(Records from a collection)

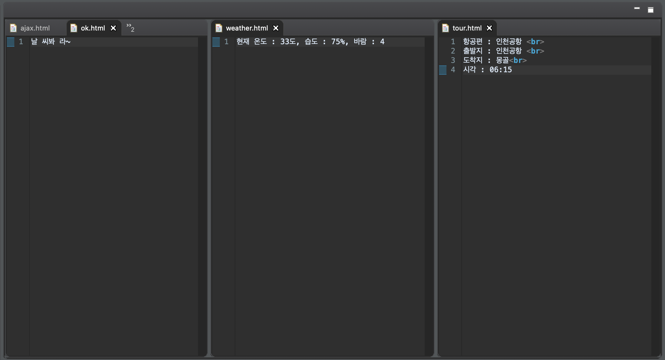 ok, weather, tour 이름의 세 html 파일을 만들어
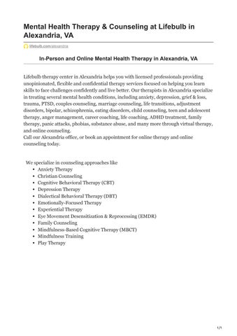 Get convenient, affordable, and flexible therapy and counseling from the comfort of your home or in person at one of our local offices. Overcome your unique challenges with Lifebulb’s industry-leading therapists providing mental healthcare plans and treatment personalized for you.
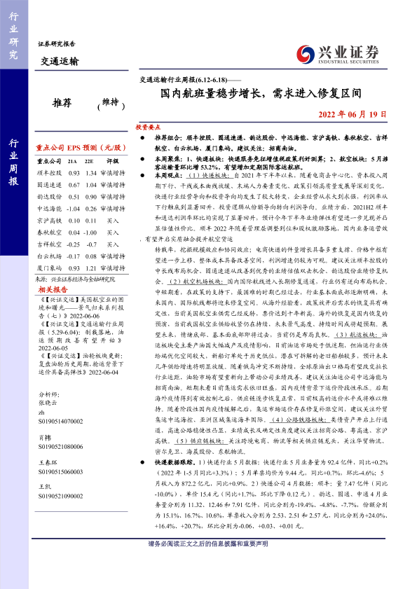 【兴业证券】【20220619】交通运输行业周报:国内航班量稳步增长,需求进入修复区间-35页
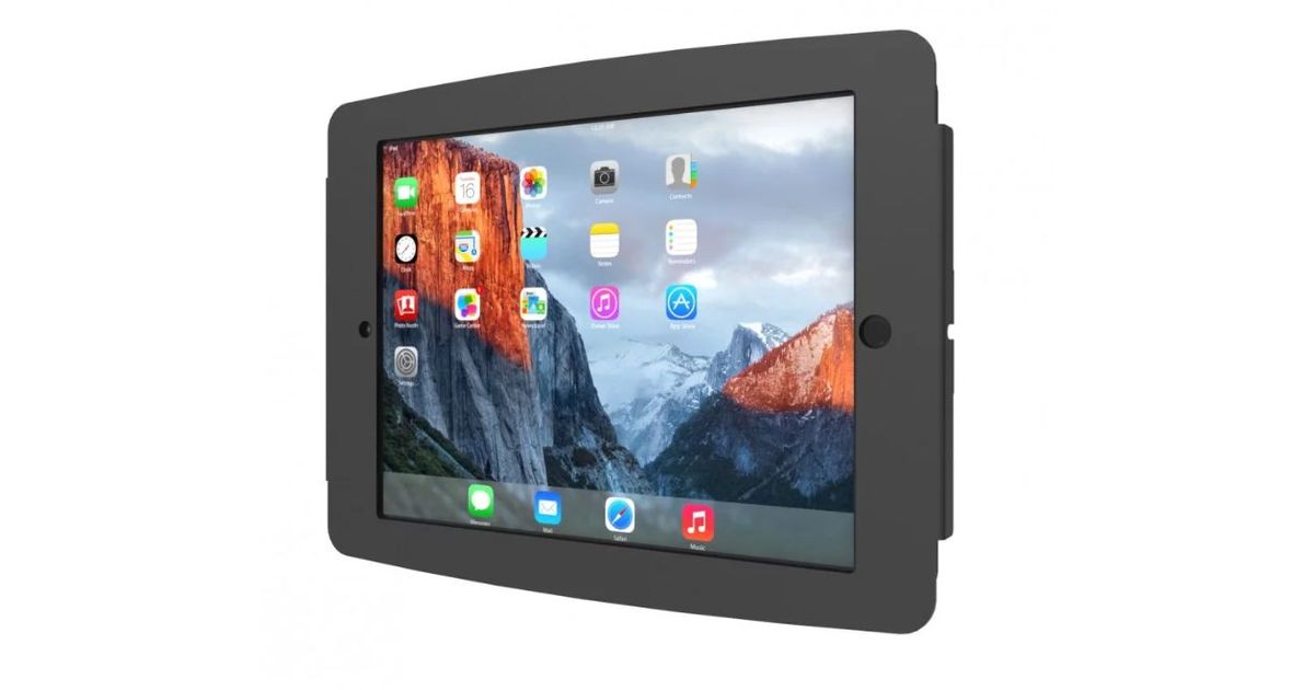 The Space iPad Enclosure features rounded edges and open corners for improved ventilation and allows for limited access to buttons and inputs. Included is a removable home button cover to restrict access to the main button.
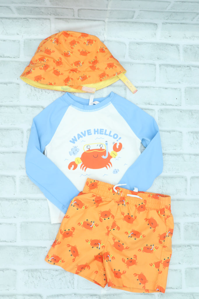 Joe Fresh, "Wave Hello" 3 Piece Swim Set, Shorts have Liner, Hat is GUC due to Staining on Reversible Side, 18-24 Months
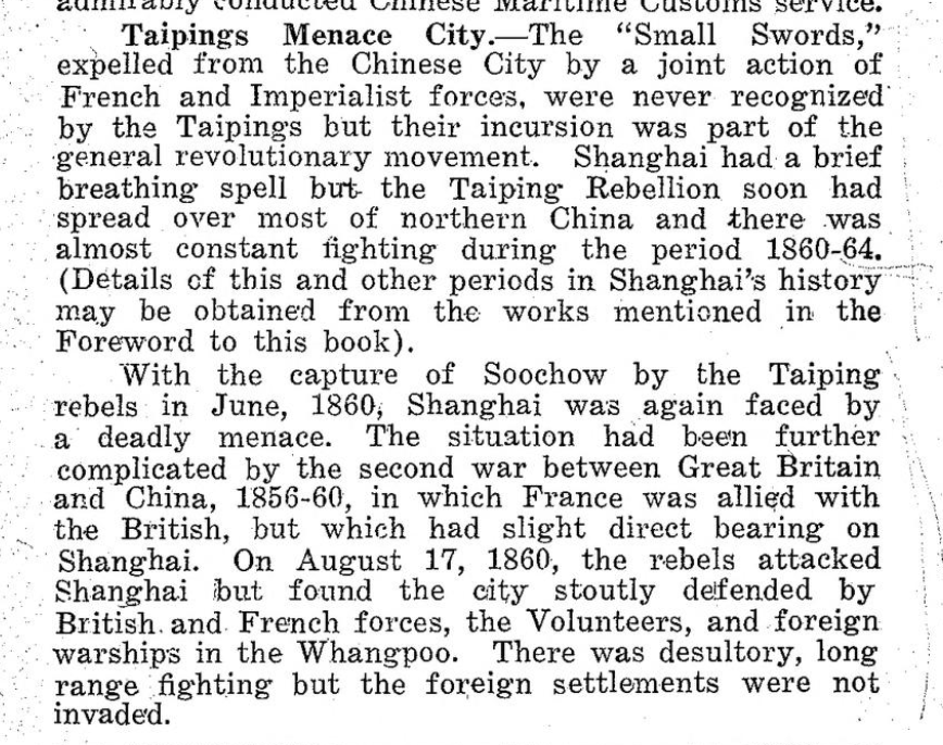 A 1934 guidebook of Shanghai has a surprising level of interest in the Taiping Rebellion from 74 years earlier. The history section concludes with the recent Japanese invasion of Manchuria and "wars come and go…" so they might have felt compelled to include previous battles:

EXERCISE AIM:
What you give back should match the entries above exactly, except that pictures are dropped.

TASK OUTPUT:
 ok, weather, tour 이름의 세 html 파일을 만들어
 Get convenient, affordable, and flexible therapy and counseling from the comfort of your home or in person at one of our local offices. Overcome your unique challenges with Lifebulb’s industry-leading therapists providing mental healthcare plans and treatment personalized for you.
 【兴业证券】【20220619】交通运输行业周报:国内航班量稳步增长,需求进入修复区间-35页
 The Space iPad Enclosure features rounded edges and open corners for improved ventilation and allows for limited access to buttons and inputs. Included is a removable home button cover to restrict access to the main button.
 Joe Fresh, "Wave Hello" 3 Piece Swim Set, Shorts have Liner, Hat is GUC due to Staining on Reversible Side, 18-24 Months
 A 1934 guidebook of Shanghai has a surprising level of interest in the Taiping Rebellion from 74 years earlier. The history section concludes with the recent Japanese invasion of Manchuria and "wars come and go…" so they might have felt compelled to include previous battles:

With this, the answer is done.